Amid all the controversy over Vytorin this week, Congress's self-appointed Merck/Schering-Plough investigators upped the ante in their probe of the cholesterol drug. Reps. John Dingell and Bark Stupak, who lead the House Energy and Commerce Committee and its Subcommittee on Investigations, told Merck and Schering's CEOS that they need more--much more--info on the SEAS study and two others that documented Vytorin patients' cancers.
As you know, Vytorin got back in the news about a month ago when Schering announced preliminary results from the SEAS study, which found more cancers and deaths from cancer among the patients taking Vytorin versus those taking placebo. The company had Sir Richard Peto analyze the data, and he concluded that the apparent link between Vytorin and cancer was simply a blip, a statistical anomaly. This week, other experts said, "Not so fast." The New England Journal of Medicine said a link can't be ruled out and must be studied.

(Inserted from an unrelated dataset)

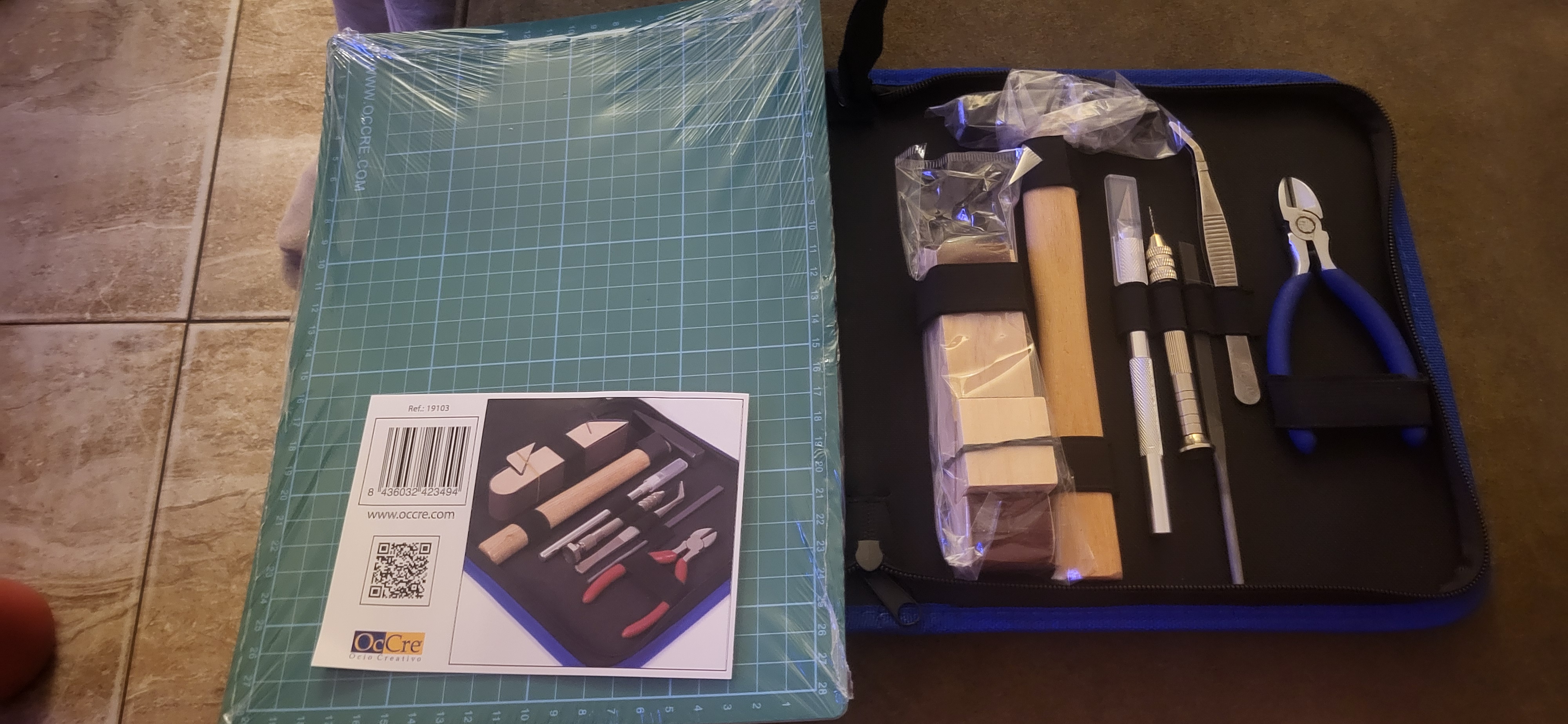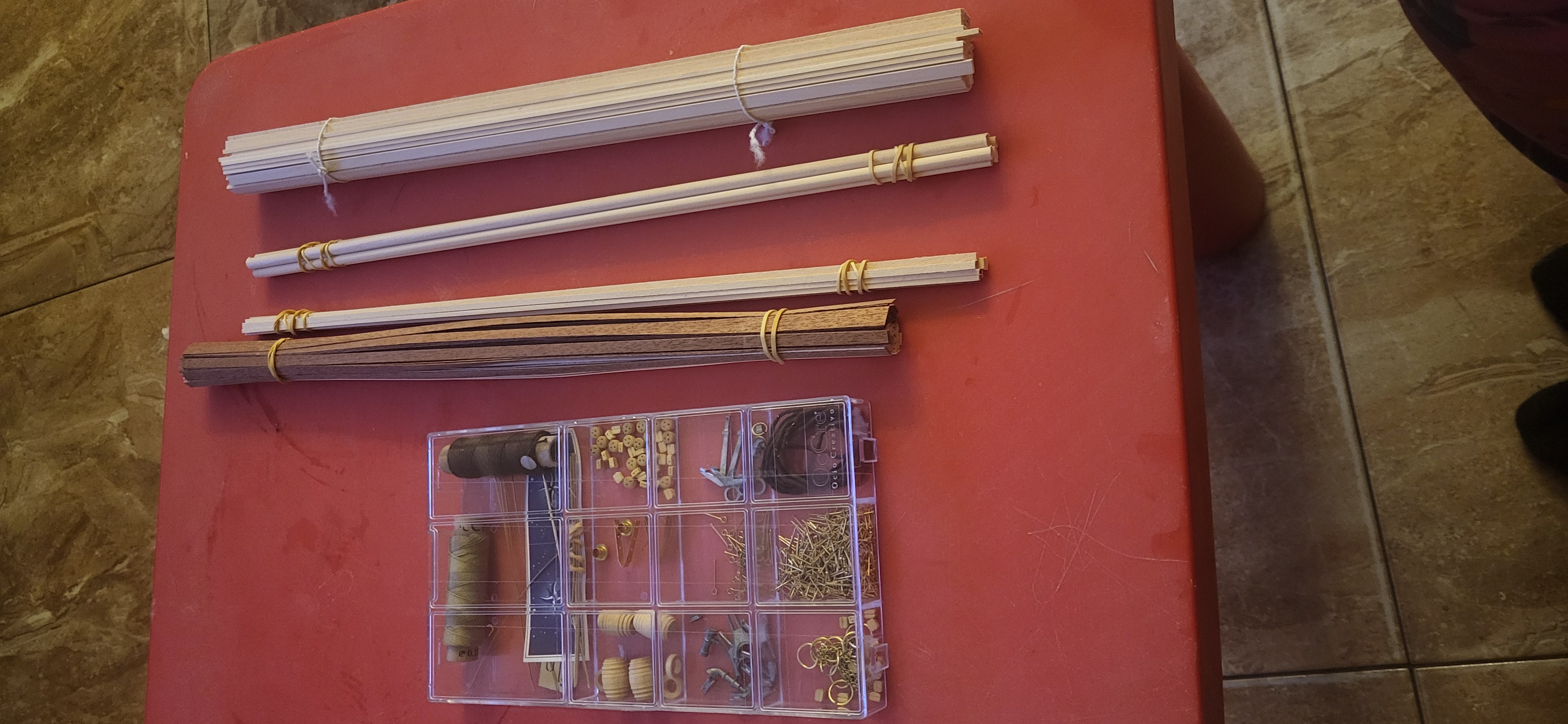 Narzędzia z zestawu, wygladają ok, chociaż nie miałem innych modelarskich w ręce. Dokupiłem gwożdziarke. Napewno musze dokupić więcej papieru ściernego o różnej gramaturze i dodatkowy klej, bo w zestawie jest ale tak chyba na styk. Pierwsze prace rozpoczne od budowy "małej stoczni" z załacznika.Dzisiaj postaram się jakoś zorganizować plac budowy i rozeznać się w planach budowy. Miłej nocy

Dingell and Stupak had asked for Peto's analysis of the cancer data; what they got, they said in their letters, was a five-page document that contained little more than what Peto had announced publicly at a press conference. The lawmakers questioned whether the report had been edited and whether Peto had made any other analyses. And they suggested that the document they got wasn't as comprehensive as the data given to the FDA for analysis, even hinting that the companies might have given the agency a "secret report." The companies said there's no such thing.
Meanwhile, the New York Times joins those advocating that Vytorin be reserved as a last-resort option for patients who need help lowering cholesterol. And you can be sure that the debate over the drug's safety and efficacy will continue.